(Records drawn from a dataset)
***

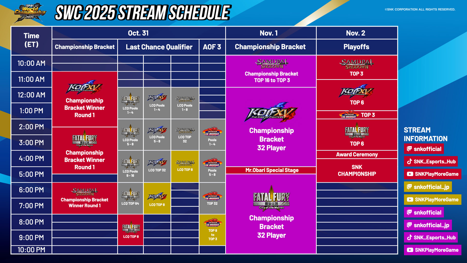 The detailed steam schedule of the SNK World Championship 2025 Finals is in the image below.
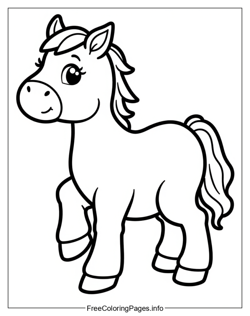 • This image is a black and white line drawing of a cartoon-style horse, featuring simple shapes and minimal details. Its an ideal canvas for children to unleash their creativity and explore different themes, colors, and artistic expressions.
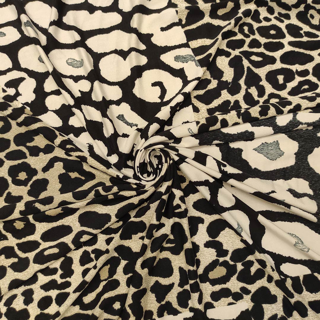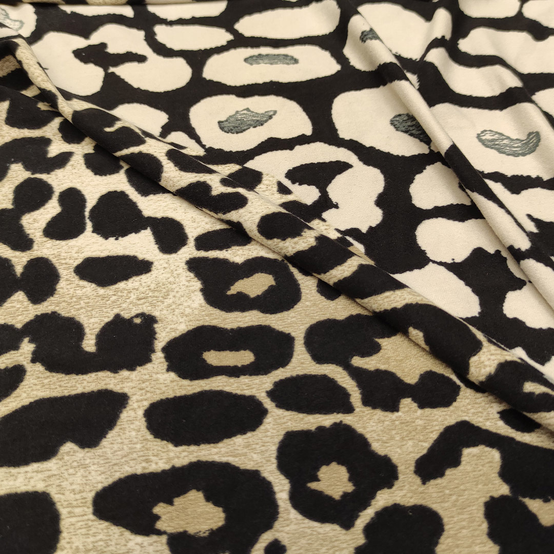 Tessuto Jersey a fantasia motivo animalier tortora – nero – beige
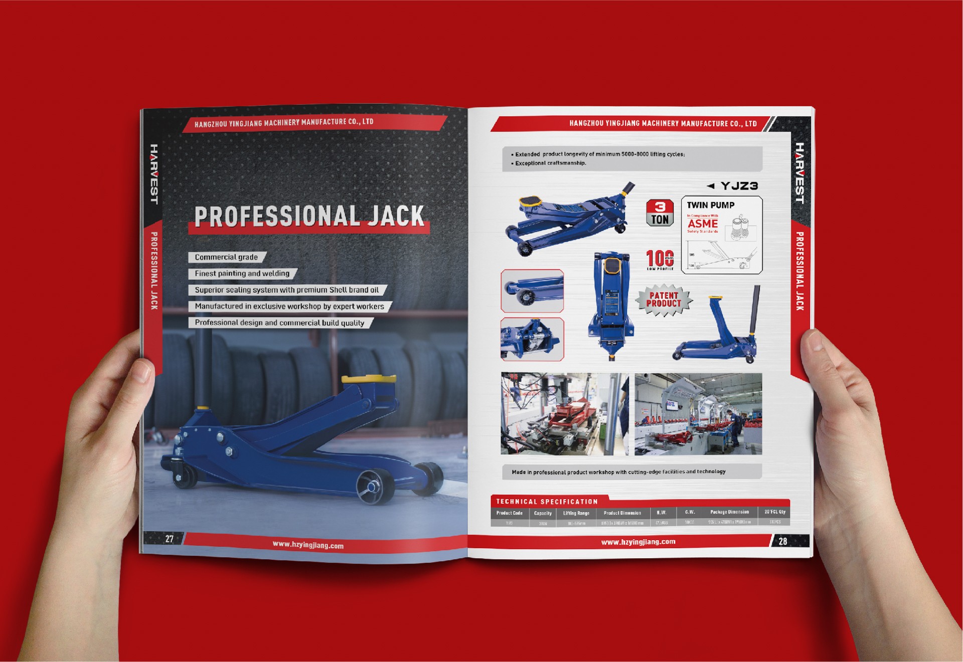 深藍色的封面背景,象征著盈江機械的穩重、專業與高品質。在封面的中央位置,我們看到了產品圖示,各頁頁邊運用紅色和黑色進行點綴,使得手冊更加醒目,引人注目,能夠有效吸引受眾觀看。
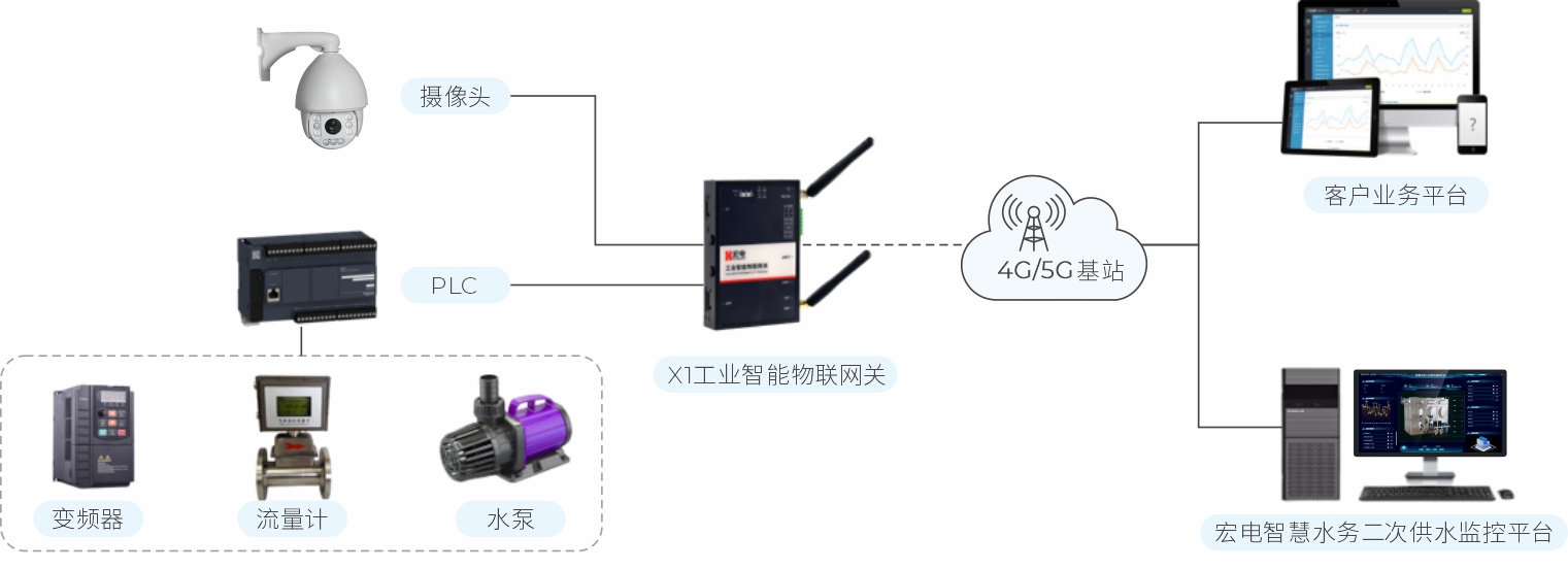 宏電工業(yè)智能物聯(lián)網(wǎng)關(guān)具有強(qiáng)大的數(shù)據(jù)采集和處理能力,將X1工業(yè)智能物聯(lián)網(wǎng)關(guān)與泵站現(xiàn)場PLC控制器、視頻監(jiān)控設(shè)備連接,通過RS485/RS232串口或LAN口多方位采集泵站設(shè)備的啟停狀態(tài)、運(yùn)行數(shù)據(jù),將視頻圖像,水池水位,出站流量、壓力,泵站供應(yīng)電流、電壓,泵的開關(guān)狀態(tài)、工作電流、電壓、頻率等數(shù)據(jù)通過4G/5G方式上報到宏電智慧水務(wù)二次供水監(jiān)控平臺。實(shí)現(xiàn)泵站運(yùn)行狀態(tài)實(shí)時監(jiān)控,有助于及時發(fā)現(xiàn)問題并防止事故發(fā)生。
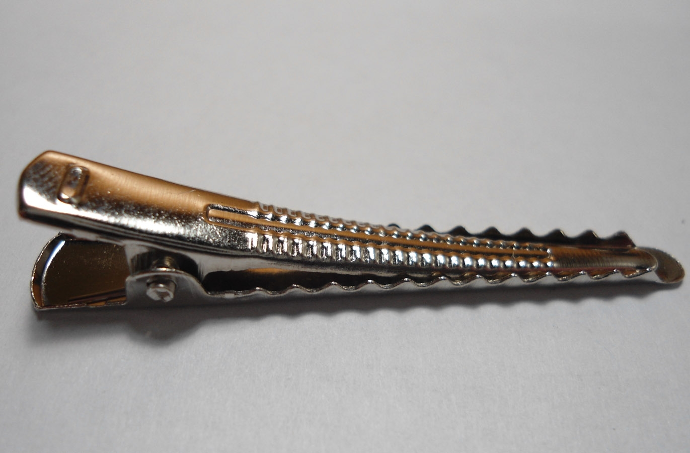 Horquilla para el pelo de 50 mm de largo y 8 mm de ancho, fabricada en níquel.
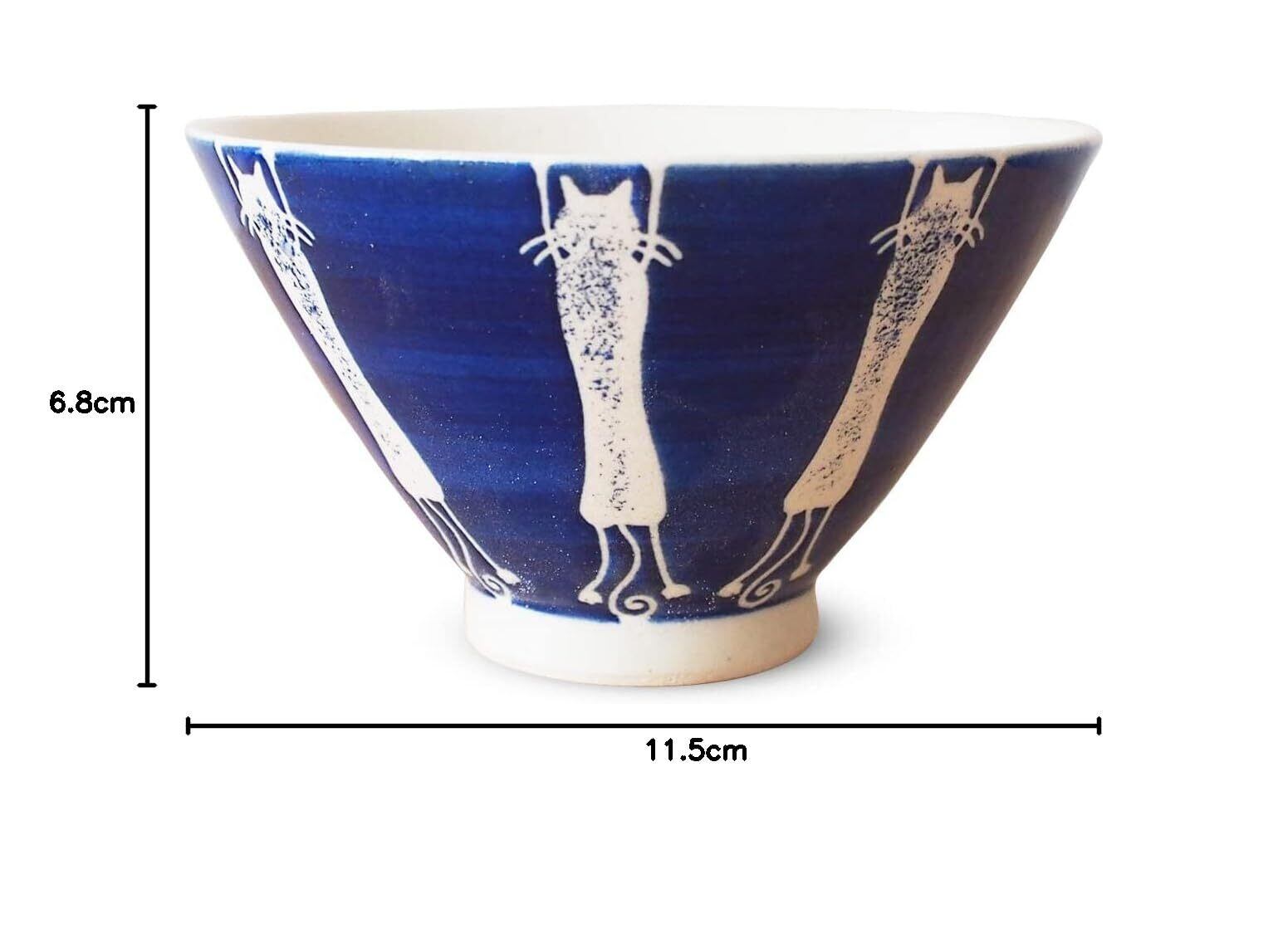 J-kitchens 勲山窯 茶碗 11.5cm 波佐見焼 日本製 背伸びねこ ブルー 磁器 270ml

***

**WORK INSTRUCTION:**
Restate the records above in full and word for word, but do not carry over any pictures.

**RESULT FOR THIS TASK:**
 The detailed steam schedule of the SNK World Championship 2025 Finals is in the image below.
 • This image is a black and white line drawing of a cartoon-style horse, featuring simple shapes and minimal details. Its an ideal canvas for children to unleash their creativity and explore different themes, colors, and artistic expressions.
 Tessuto Jersey a fantasia motivo animalier tortora – nero – beige
 深藍色的封面背景,象征著盈江機械的穩重、專業與高品質。在封面的中央位置,我們看到了產品圖示,各頁頁邊運用紅色和黑色進行點綴,使得手冊更加醒目,引人注目,能夠有效吸引受眾觀看。
 宏電工業(yè)智能物聯(lián)網(wǎng)關(guān)具有強(qiáng)大的數(shù)據(jù)采集和處理能力,將X1工業(yè)智能物聯(lián)網(wǎng)關(guān)與泵站現(xiàn)場PLC控制器、視頻監(jiān)控設(shè)備連接,通過RS485/RS232串口或LAN口多方位采集泵站設(shè)備的啟停狀態(tài)、運(yùn)行數(shù)據(jù),將視頻圖像,水池水位,出站流量、壓力,泵站供應(yīng)電流、電壓,泵的開關(guān)狀態(tài)、工作電流、電壓、頻率等數(shù)據(jù)通過4G/5G方式上報到宏電智慧水務(wù)二次供水監(jiān)控平臺。實(shí)現(xiàn)泵站運(yùn)行狀態(tài)實(shí)時監(jiān)控,有助于及時發(fā)現(xiàn)問題并防止事故發(fā)生。
 Horquilla para el pelo de 50 mm de largo y 8 mm de ancho, fabricada en níquel.
 J-kitchens 勲山窯 茶碗 11.5cm 波佐見焼 日本製 背伸びねこ ブルー 磁器 270ml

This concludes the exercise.